Мысль эта едва не повергла его в обморок. Но тут же пришла вторая, наполнившая его злостью и страхом: тот единственный, что смотрит на это огромное красное одеяло, безумен. И может уничтожить все розы в мгновение ока, если получит такую возможность.
Его осторожно похлопали по плечу. Позади стоял Патрик, рядом с ним — Ыш. Патрик указал на заросшую травой поляну за розой, потом несколько раз поднес воображаемую ложку ко рту. Указал на розу и знаками дал понять, что хочет ее нарисовать. Есть Роланду особо не хотелось, но второе предложение Патрика очень даже понравилось.

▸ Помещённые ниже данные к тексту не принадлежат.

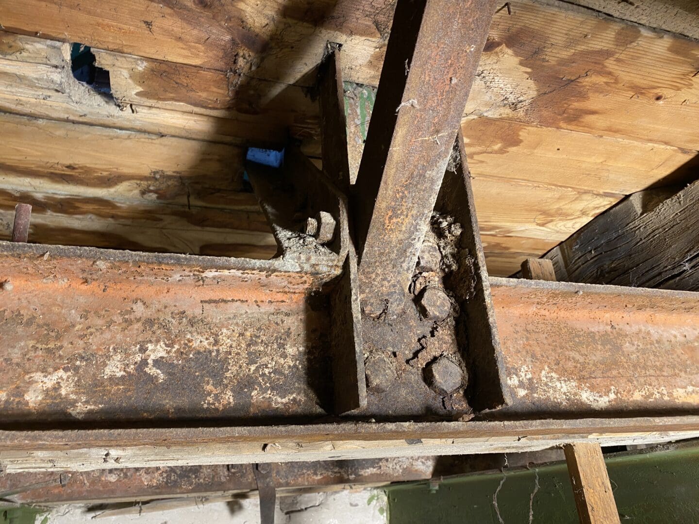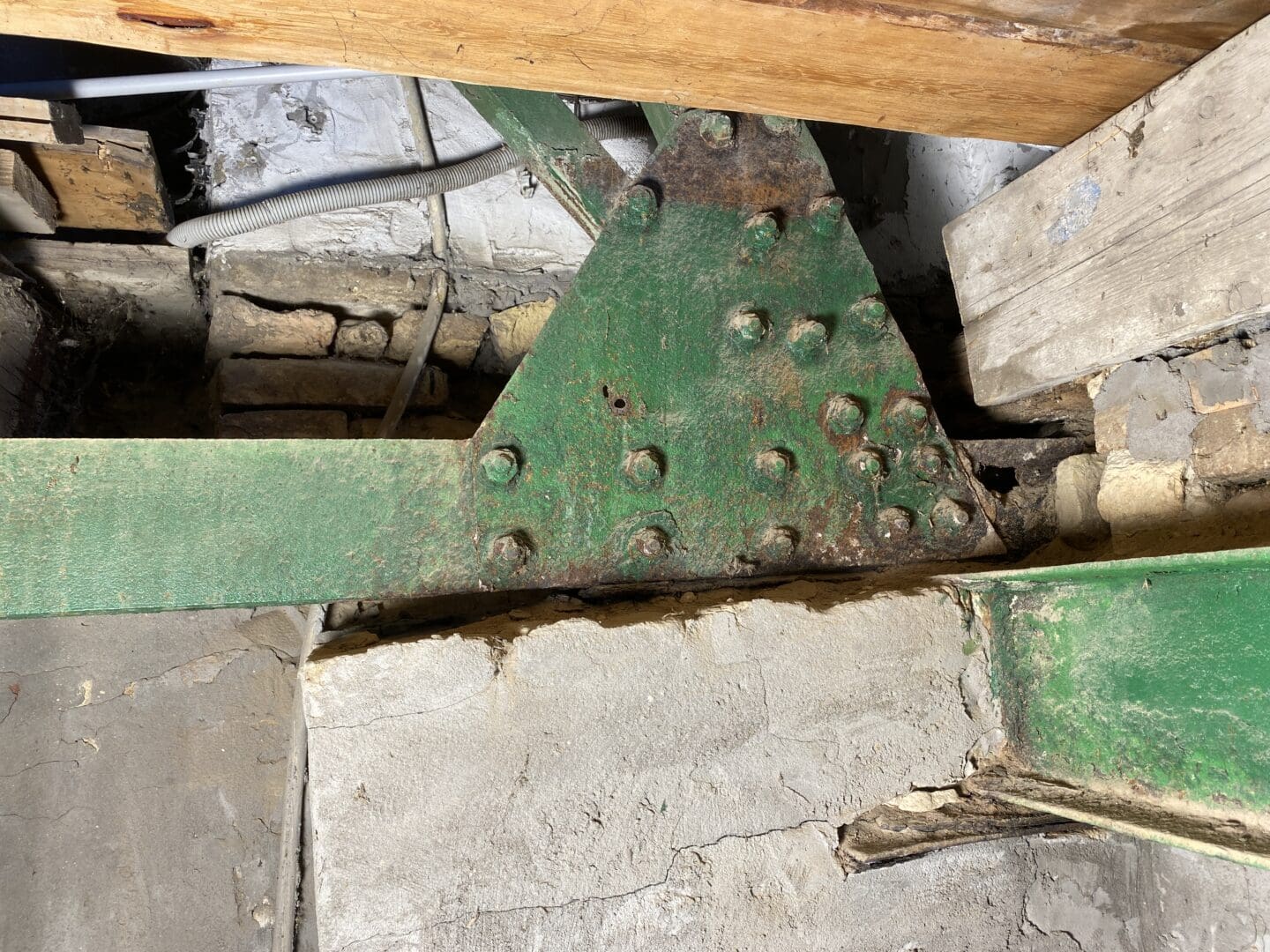A fenti két fotó a harangszék lábainak jelenlegi állapotát mutatja. Éppenhogy össze nem roskadnak...
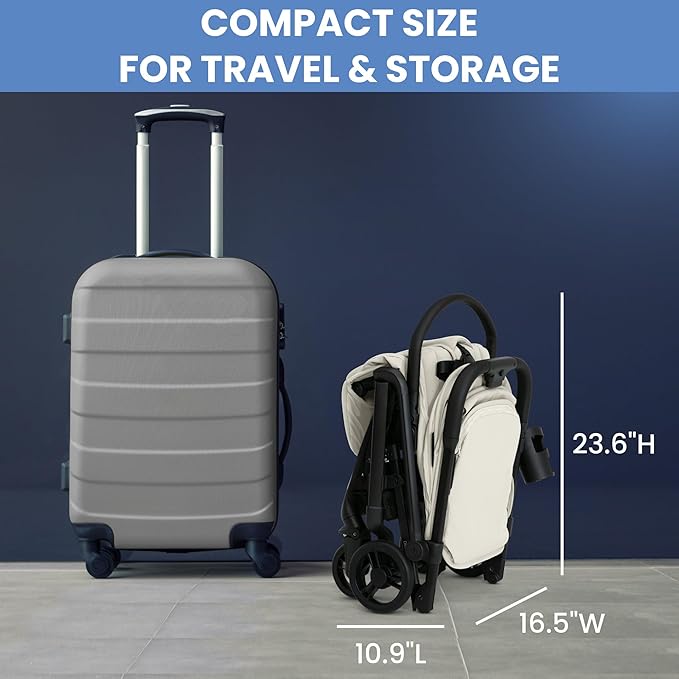 - LIGHTWEIGHT & COMPACT: This stroller only weighs 15.6 lbs. | TSA approved to easily fit in overhead compartment, stroller folds within seconds | Assembled: 32.5"L x 16.5"W x 40.2"H | Folded: 10"L x 16.5"W x 23.6"H
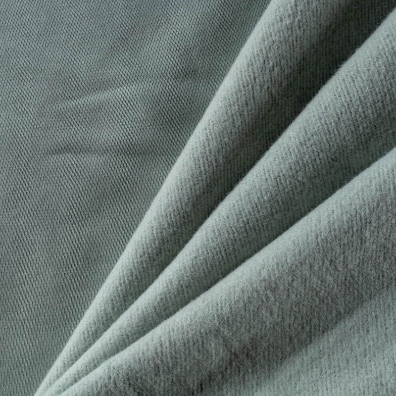 Плотный, но легкий и мягкий, с начесом по изнанке. Ткань хорошо тянется, прочная и износостойкая.  Лицевая сторона имеет выраженную трикотажную структуру. Подходит для пошива утепленных  спортивных костюмов, свитшотов, джемперов.
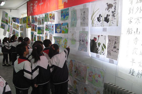 为了喜迎党的十八大召开,活跃校园文化生活,10月30日至11月7日,咸阳长庆子弟学校举办“喜迎十八大”学生书画作品展。

— Да, — кивнул он. — Мы здесь перекусим, а потом я, возможно, немного вздремну, пока ты будешь рисовать розу. Сможешь сделать два рисунка, Патрик? — и он оттопырил два пальца на правой руке, чтобы Патрик точно понял, чего от него хотят.
Юноша нахмурился, склонил голову набок, все еще не понимая, зачем Роланду понадобились два рисунка. Его волосы, упавшие на плечо, ярко блестели на солнце. Роланд подумал о том, как Сюзанна вымыла Патрику голову в ручье, несмотря на громкие протестующие вопли. Самому Роланду такое никогда не пришло бы в голову, но с чистыми волосами Патрик стал выглядеть куда как лучше. Вот почему, взглянув на блестящие волосы, Роланд вновь загрустил по Сюзанне, несмотря на пение розы. Она украсила его жизнь. И понял он это лишь теперь, после ее ухода.
А теперь остался с Патриком, невероятно талантливым, но так медленно соображающим.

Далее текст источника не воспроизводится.